__GIVEN DATA__:
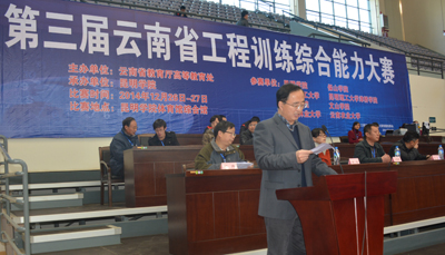 由云南省教育厅主办,我校自动控制与机械工程学院承办的云南省第三届大学生工程训练综合能力竞赛于12月27日在我校体育馆综合馆举行。校长蒋永文出席开幕式,教务处处长沈凡,自机学院党总支书记熊绍宏,院长毕涛,副院长陈玲、陈为民和来自各参赛院校的相关领导、专家、选手参加了开幕式。蒋校长代表yl23455永利官网致欢迎词,孙学强老师代表裁判员、陈林飞代表参赛选手进行了宣誓,开幕式由毕涛主持。
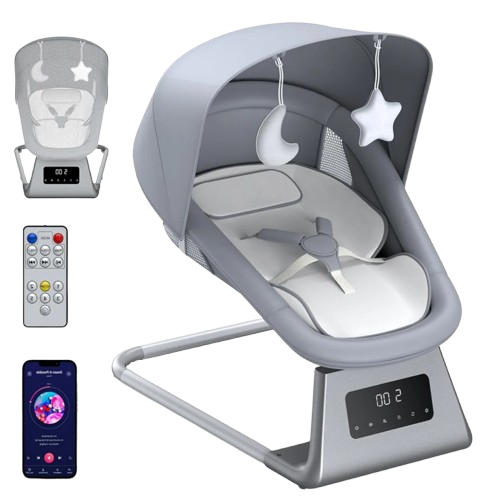 An electric baby rocker offers a soothing and convenient way to calm your little one while keeping your hands free. It features gentle automated rocking motions that mimic a parentβs comforting sway, helping babies relax and fall asleep faster. With multiple speed settings and adjustable angles, it caters to your babyβs comfort and needs throughout the day. Soft, cushioned seating and secure harness straps ensure safety and coziness during use. Many models include built-in music, lullabies, or white noise to further soothe your baby. Its compact and foldable design makes it easy to store or carry for travel. The rocker is powered by either batteries or an adapter for flexible use anywhere in the home. Durable, easy-to-clean fabrics make maintenance simple for busy parents. Combining safety, comfort, and convenience, an electric baby rocker is an essential companion for modern parenting.
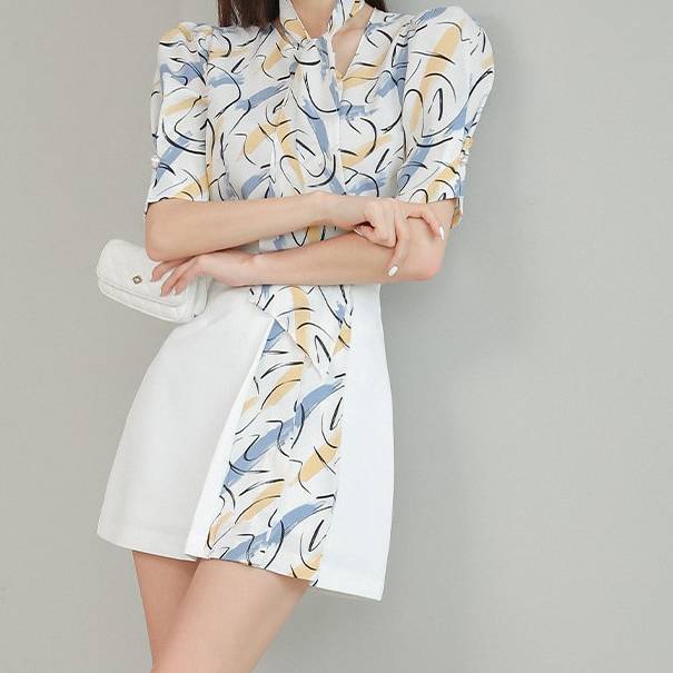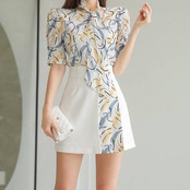 商品名:ホワイト アシンメトリーデザイン プリントブラウス ミニスカート風 ワンピース
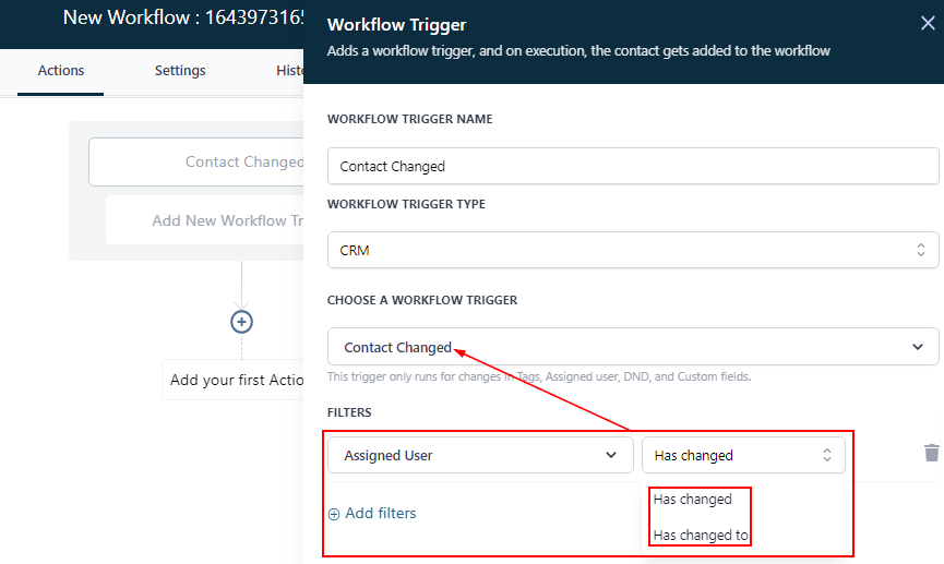 When you select the “Has changed to” filter, this workflow will ONLY run when the specified user is assigned to a contact. For example, if the previously assigned user was Jim, you can add the user John to this filter, and ONLY run this workflow when John is assigned to a contact.

__REQUIRED WORK__: Each line of the data must be restated exactly, and the pictures must be left out.

__OUTPUT OF THE TASK__:
 由云南省教育厅主办,我校自动控制与机械工程学院承办的云南省第三届大学生工程训练综合能力竞赛于12月27日在我校体育馆综合馆举行。校长蒋永文出席开幕式,教务处处长沈凡,自机学院党总支书记熊绍宏,院长毕涛,副院长陈玲、陈为民和来自各参赛院校的相关领导、专家、选手参加了开幕式。蒋校长代表yl23455永利官网致欢迎词,孙学强老师代表裁判员、陈林飞代表参赛选手进行了宣誓,开幕式由毕涛主持。
 An electric baby rocker offers a soothing and convenient way to calm your little one while keeping your hands free. It features gentle automated rocking motions that mimic a parentβs comforting sway, helping babies relax and fall asleep faster. With multiple speed settings and adjustable angles, it caters to your babyβs comfort and needs throughout the day. Soft, cushioned seating and secure harness straps ensure safety and coziness during use. Many models include built-in music, lullabies, or white noise to further soothe your baby. Its compact and foldable design makes it easy to store or carry for travel. The rocker is powered by either batteries or an adapter for flexible use anywhere in the home. Durable, easy-to-clean fabrics make maintenance simple for busy parents. Combining safety, comfort, and convenience, an electric baby rocker is an essential companion for modern parenting.
 商品名:ホワイト アシンメトリーデザイン プリントブラウス ミニスカート風 ワンピース
 When you select the “Has changed to” filter, this workflow will ONLY run when the specified user is assigned to a contact. For example, if the previously assigned user was Jim, you can add the user John to this filter, and ONLY run this workflow when John is assigned to a contact.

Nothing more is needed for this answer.